*** Provided records
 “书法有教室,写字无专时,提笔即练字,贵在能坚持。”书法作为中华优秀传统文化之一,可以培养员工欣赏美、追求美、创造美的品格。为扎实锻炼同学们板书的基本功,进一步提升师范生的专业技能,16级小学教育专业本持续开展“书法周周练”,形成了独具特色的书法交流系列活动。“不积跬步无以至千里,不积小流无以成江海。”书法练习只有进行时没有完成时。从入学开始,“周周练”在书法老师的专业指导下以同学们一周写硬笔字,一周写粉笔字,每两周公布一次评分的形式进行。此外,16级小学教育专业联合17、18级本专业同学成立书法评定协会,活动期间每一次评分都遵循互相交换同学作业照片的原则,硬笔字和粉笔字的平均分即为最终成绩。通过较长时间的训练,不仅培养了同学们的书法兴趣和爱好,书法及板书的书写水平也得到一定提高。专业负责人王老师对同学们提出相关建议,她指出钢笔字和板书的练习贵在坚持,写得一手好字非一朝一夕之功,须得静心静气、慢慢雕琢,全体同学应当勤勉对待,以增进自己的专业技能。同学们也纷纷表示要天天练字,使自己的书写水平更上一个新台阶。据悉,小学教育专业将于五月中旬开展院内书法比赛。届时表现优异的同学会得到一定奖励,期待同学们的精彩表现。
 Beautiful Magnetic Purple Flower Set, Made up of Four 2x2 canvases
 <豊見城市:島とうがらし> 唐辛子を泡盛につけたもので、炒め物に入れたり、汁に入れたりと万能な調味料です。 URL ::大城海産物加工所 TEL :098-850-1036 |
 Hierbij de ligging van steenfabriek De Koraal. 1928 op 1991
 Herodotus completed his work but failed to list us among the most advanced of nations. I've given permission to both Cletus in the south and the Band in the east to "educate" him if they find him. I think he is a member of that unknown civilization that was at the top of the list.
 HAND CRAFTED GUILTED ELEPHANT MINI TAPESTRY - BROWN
******
*** Provided records
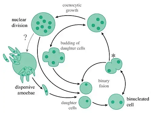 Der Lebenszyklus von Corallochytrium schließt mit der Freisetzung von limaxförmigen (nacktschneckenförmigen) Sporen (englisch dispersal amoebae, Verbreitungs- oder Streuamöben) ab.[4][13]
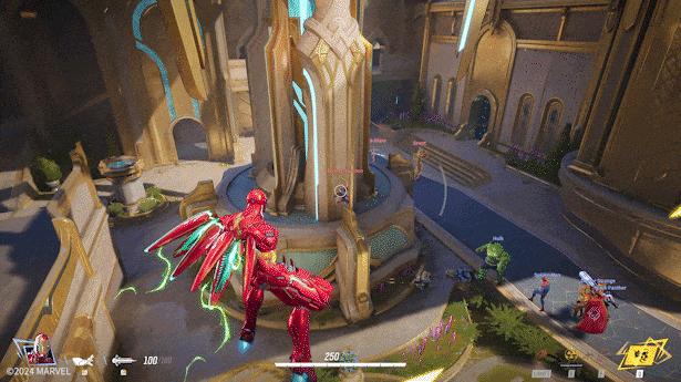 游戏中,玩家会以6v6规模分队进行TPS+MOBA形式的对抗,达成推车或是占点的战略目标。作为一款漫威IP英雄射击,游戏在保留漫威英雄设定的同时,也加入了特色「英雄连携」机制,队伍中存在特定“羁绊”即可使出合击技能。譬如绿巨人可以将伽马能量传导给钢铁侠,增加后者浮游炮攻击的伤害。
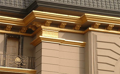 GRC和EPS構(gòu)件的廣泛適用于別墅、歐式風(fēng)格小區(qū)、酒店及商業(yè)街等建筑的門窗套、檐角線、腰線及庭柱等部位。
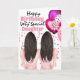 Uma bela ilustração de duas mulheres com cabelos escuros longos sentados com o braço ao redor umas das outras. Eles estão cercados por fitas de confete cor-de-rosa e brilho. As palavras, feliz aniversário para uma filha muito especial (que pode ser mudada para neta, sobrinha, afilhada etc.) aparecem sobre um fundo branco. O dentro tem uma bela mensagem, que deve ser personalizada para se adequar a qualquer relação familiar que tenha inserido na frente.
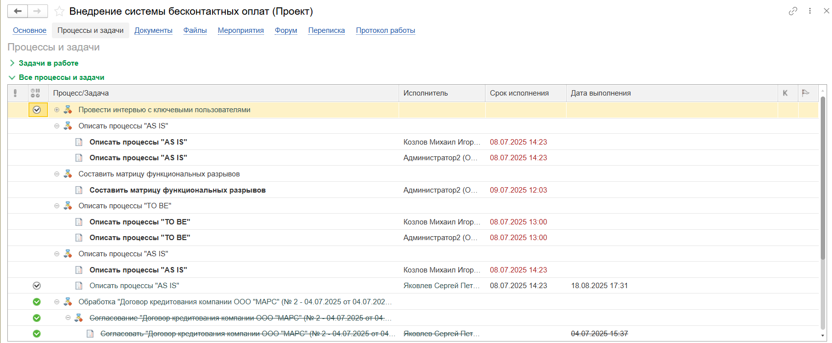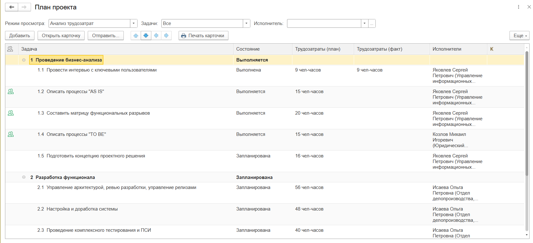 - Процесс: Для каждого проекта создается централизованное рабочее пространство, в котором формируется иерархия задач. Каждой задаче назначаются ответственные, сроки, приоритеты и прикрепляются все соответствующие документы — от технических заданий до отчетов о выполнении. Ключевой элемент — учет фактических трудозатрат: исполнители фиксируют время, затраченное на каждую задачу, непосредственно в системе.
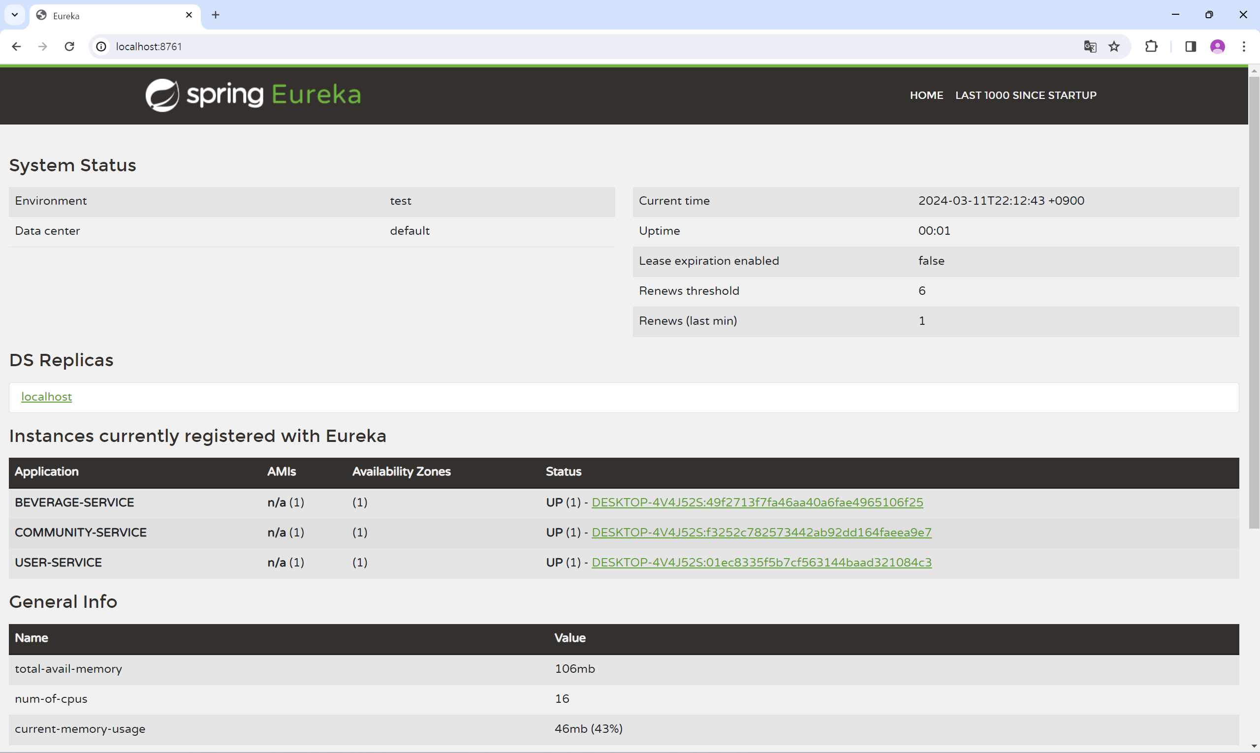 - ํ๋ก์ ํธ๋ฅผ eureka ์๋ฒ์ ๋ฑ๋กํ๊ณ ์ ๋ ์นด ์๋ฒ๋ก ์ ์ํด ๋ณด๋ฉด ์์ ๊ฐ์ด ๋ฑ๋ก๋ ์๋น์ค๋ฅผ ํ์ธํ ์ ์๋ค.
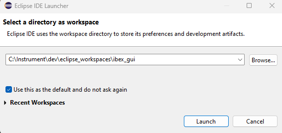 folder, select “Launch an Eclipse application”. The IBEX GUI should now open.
******
◆ **Exercise aim**:
Repeat the entries above verbatim, but only from the line that has "Herodotus completed his" down to the line that has "HAND CRAFTED GUILTED", inclusive.

◆ **Expected output**:
 Herodotus completed his work but failed to list us among the most advanced of nations. I've given permission to both Cletus in the south and the Band in the east to "educate" him if they find him. I think he is a member of that unknown civilization that was at the top of the list.
 HAND CRAFTED GUILTED ELEPHANT MINI TAPESTRY - BROWN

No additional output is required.